When I think about gas, it’s hard not to like the Haynesville, and there are still opportunities in the Marcellus/Utica. For oil, the Permian Basin clearly has a long inventory runway and low breakeven costs. We also have been incredibly pleased with how resilient the Bakken has been through the last two downturns. For small and mid-sized producers, the Denver-Julesburg and Powder River basins have very good economics. And I can’t forget about the Eagle Ford.
Tailwater’s E&P Opportunity Funds invest in nonoperated producing wells. It has ownership in close to 800 wells, all on shore. That business exists because shale plays have good rates of return when investing with the right operator. As a middle-market player, we are not out to create a large exploration, drilling and production company, but participating in a large E&P company’s wells is a great outcome for us.
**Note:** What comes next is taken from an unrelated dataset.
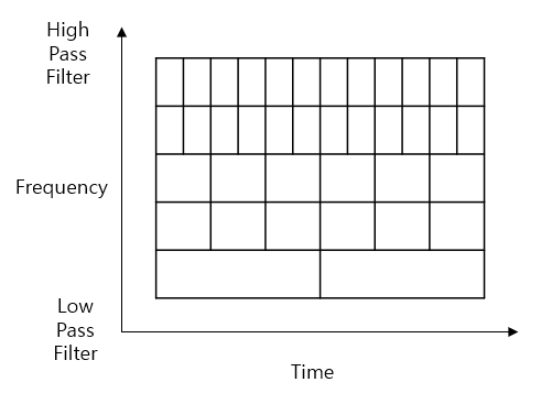 - 고주파수 영역에서는 시간축의 창폭을 조밀하게 하여 시간 영역의 분해능 증가

We continue to look outside of the core midstream to participate more in follow-on downstream projects. While under pressure because of COVID-related demand destruction, the petrochemical and refining markets have the capacity to remain very competitive globally because of the huge reserve profile of the U.S. onshore.
Q: Studies by the Interstate Natural Gas Association of America and others suggest that new midstream infrastructure spending has peaked. How do you see build-out opportunities going forward? What role will private equity play in financing the next generation of projects?
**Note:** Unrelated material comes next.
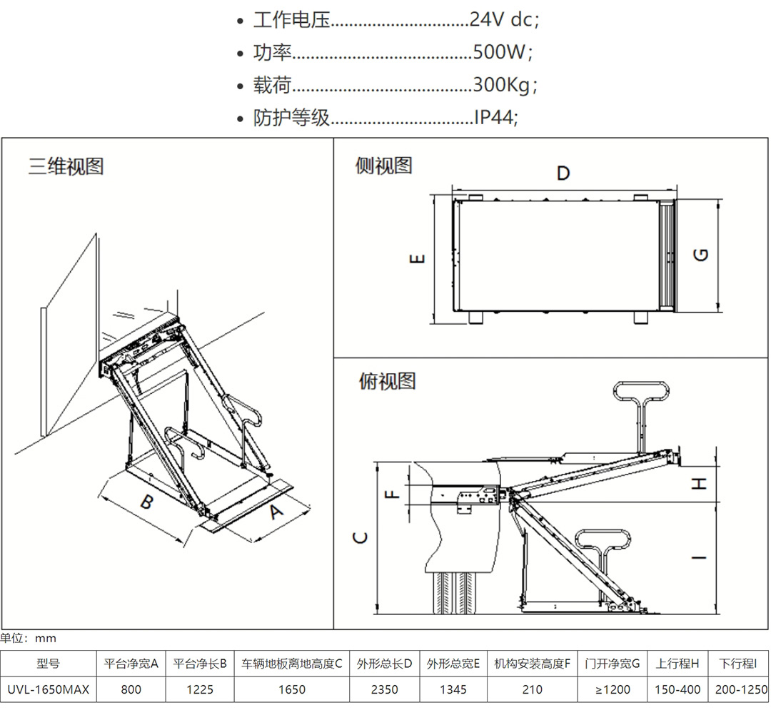 UVL-1650MAX系列轮椅升降装置采用电动及液动操纵方式,上下行程可达到1250mm,其主要功能为方便使用轮椅的乘客进出车辆。该系列升降机紧贴车辆大梁安装,不占用车内空间,不影响乘客及驾驶员视线。该系列升降机适合于安装在高地板客车后轮上方或紧贴车辆大梁安装,大大节省行李舱占用空间及不占用车内空间,不影响乘客及驾驶员视线。

DOWNIE: There will continue to be green-field infrastructure projects, although they will tend to be smaller and basin-specific. For example, we recently participated in a transmission line project on the Texas side of the Haynesville/Cotton Valley for Sabine Oil & Gas, which is an independent operator that is majority owned by Osaka Gas Co. The interesting dynamic in shale plays is that there is always a need for additional capital deployment for infield gathering, compression, saltwater disposal and other facilities as acreage is developed. Even though there is a lot of existing infrastructure, there will be a need for new projects.
The other major role for private equity is in rationalizing capacities. We are starting to see a wave of consolidation in both the upstream and midstream as noncore assets are rationalized and operations are consolidated. Private equity historically has been a facilitator of the rationalization process, and we expect Energy Fund IV to play a role in midstream aggregation, which will mutually benefit the upstream side as well.
Q: What makes a management team attractive to Tailwater? What particular factors do you look for in an investment?
DOWNIE: We pride ourselves in creating a culture of alignment, transparency and partnership. The executives in our portfolio companies are not employees; they are partners. Our goal is to support them in making decisions, particularly capital deployment decisions. We are deliberate in committing to only a few teams in a basin to foster an environment where management teams feel confident that Tailwater is aligned with their success and they are freed to execute their business plans. We want our teams collaborating to create value instead of competing against one another.
Creating proprietary deal flow and being a first mover are crucial in the midstream sector. Let’s face it, midstream companies aren’t winning many new technology awards. Value often is created when teams have historical experience in a particular basin or vertical segment, which gives them competitive advantage. To fully leverage that, we try to put an incentive structure in place that is completely aligned with our management partners so we are all pulling the oar in the same direction.